This lasts for all of five seconds.
“Jesus, okay, too warm, Sam. Get off,” Bucky says with a shove. Sam rolls onto his back. Bucky takes the space to spread out his limbs and starfish across the sheets.
“We need more fans,” he announces. Sam laughs, the type of full body, rumbly laugh he has when he’s just come and is still sort of delirious.
“I’m gonna buy you all the fans you want, boy. Gonna keep my baby happy,” he thurms.
“My hero,” Bucky huffs, smirk growing under the arm he’s got draped over his eyes. Sam mutters something like ‘damn right’ before he flops back onto his stomach and creeps his hand up onto the small hilt of Bucky’s bump. Solid, broiling hot, little bump. Sam adores it.
They might invest too much too soon in that bump. Sam, when he does his research and downloads all the pregnancy tracking apps so he can tell Bucky what fruit their baby is the size of each week, reads that expectant couples shouldn’t buy anything baby-related during the first trimester because the risk of loss is higher then. But he goes out and buys a three-month-old sized onesie with the shield on it when Bucky’s barely reached eleven weeks anyways. Maybe they jinx it.
The monitoring makes it all seem so assured. Due to the whole first-of-its-kind factor of Bucky’s pregnancy, his doctors have him coming in weekly at first, which drops to every other week once he reaches twelve weeks along and they finally get the balance of hormone supplements right. Sam goes to these appointments when he can, not as much as he’d like but he does his best, and the doctors tell him that things are progressing as they should, despite the near extraordinary circumstances. Sam cries when they see the ultrasound at Bucky’s twelve week appointment, a head and feet he can make out clear as day, twitching legs that already seem so ready and resilient, real and solid as ever. The scan goes right from the machine to their fridge.
“It’s like something out of a sci-fi movie,” Bucky says, eyes focused and face struck. Him and Sam have attached the black and white print out to the freezer door with a tacky souvenir NOLA magnet. Sam guffaws and rams his shoulder against Bucky’s.
“Hey, that’s our kid. Don’t be mean.”
“Not in a bad way!” Bucky defends, tossing his hands up, “I meant more like it seems so advanced, for me at least, that we can actually see it. When I was growing up, we didn’t even have pregnancy tests. Women knew they were knocked up when the kicking started and then, a few months later, a doctor would knock ‘em out and there’d be a baby.”
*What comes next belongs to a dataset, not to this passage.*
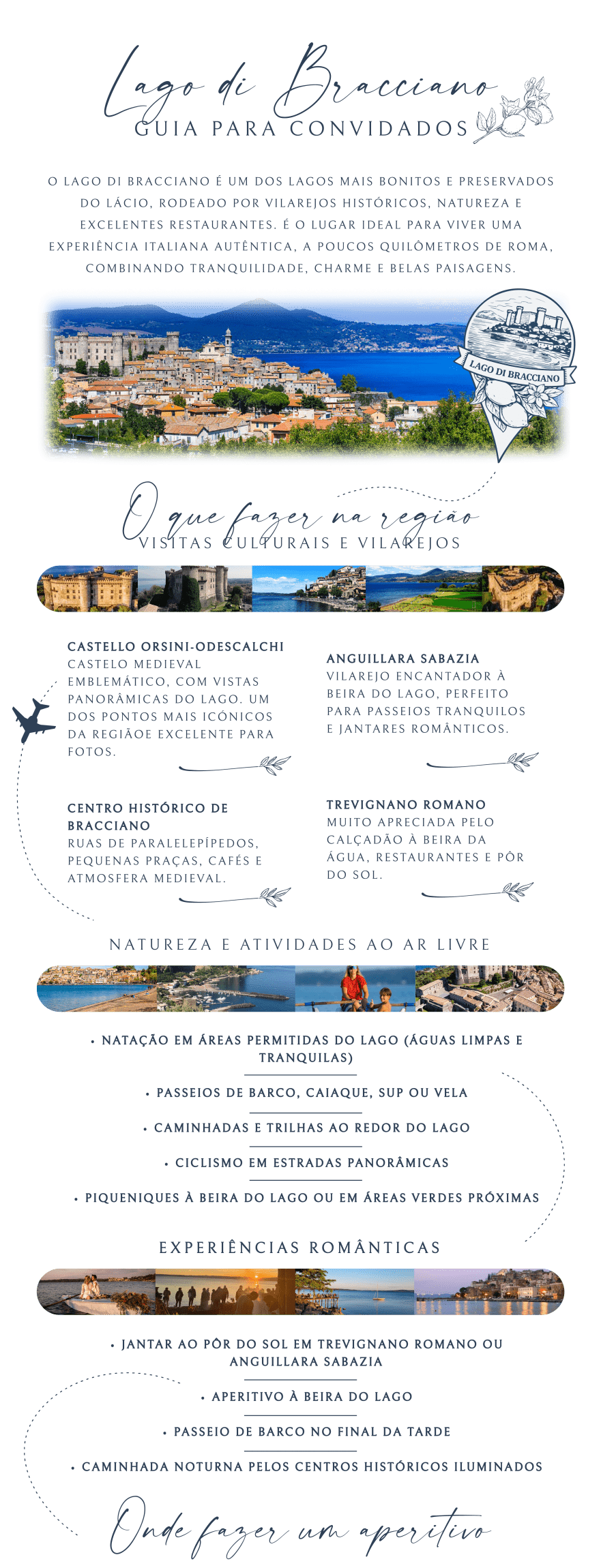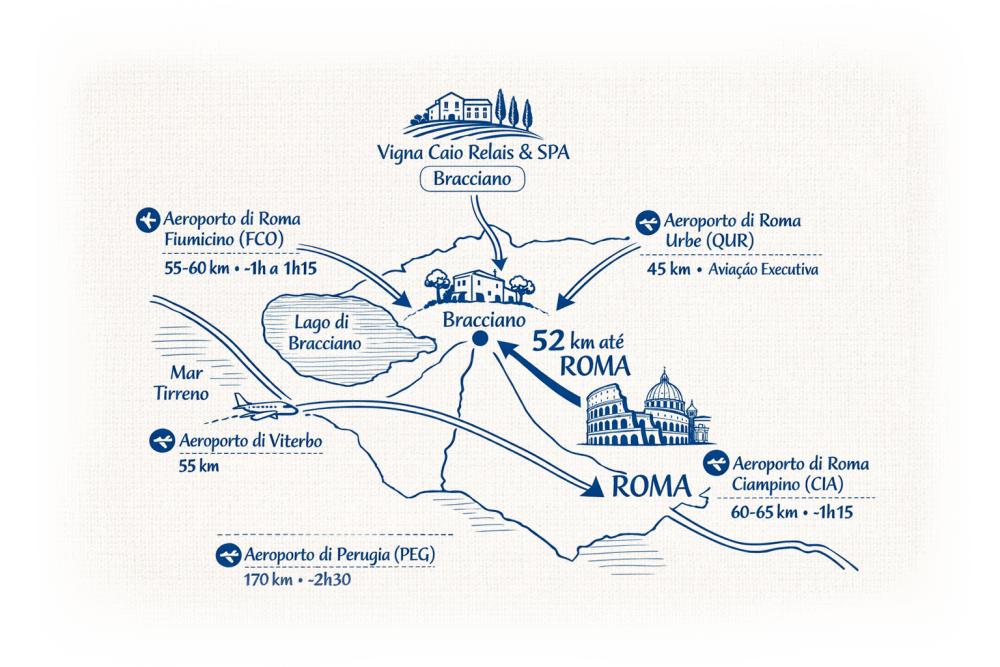 O local onde vamos celebrar o nosso casamento, o Vigna Caio Relais & SPA, está situado em Bracciano, a aproximadamente 52 km de Roma, cerca de uma hora de carro da Cidade Eterna — uma viagem que vale pela paisagem e pela experiência italiana que nos espera.

“Sounds mildly terrifying,” Sam says.
“Yeah, well, a lotta girls died back then. So, I’d say so,” Bucky tells him, deadpan, and Sam’s smile shrinks away, “Seems a hell of a lot safer now. Though, I don’t know if I’m completely out of the woods.”
“Don’t,” Sam whispers sharply as he slips his arm across Bucky’s chest and pulls him snug to him. They both know this is dangerous, though they won’t think it actively. Sam hears his own heartbeat up in his ears for a second, worries he’s pushed to the back of his mind swarming in. Bucky squeezes Sam’s forearm comfortingly.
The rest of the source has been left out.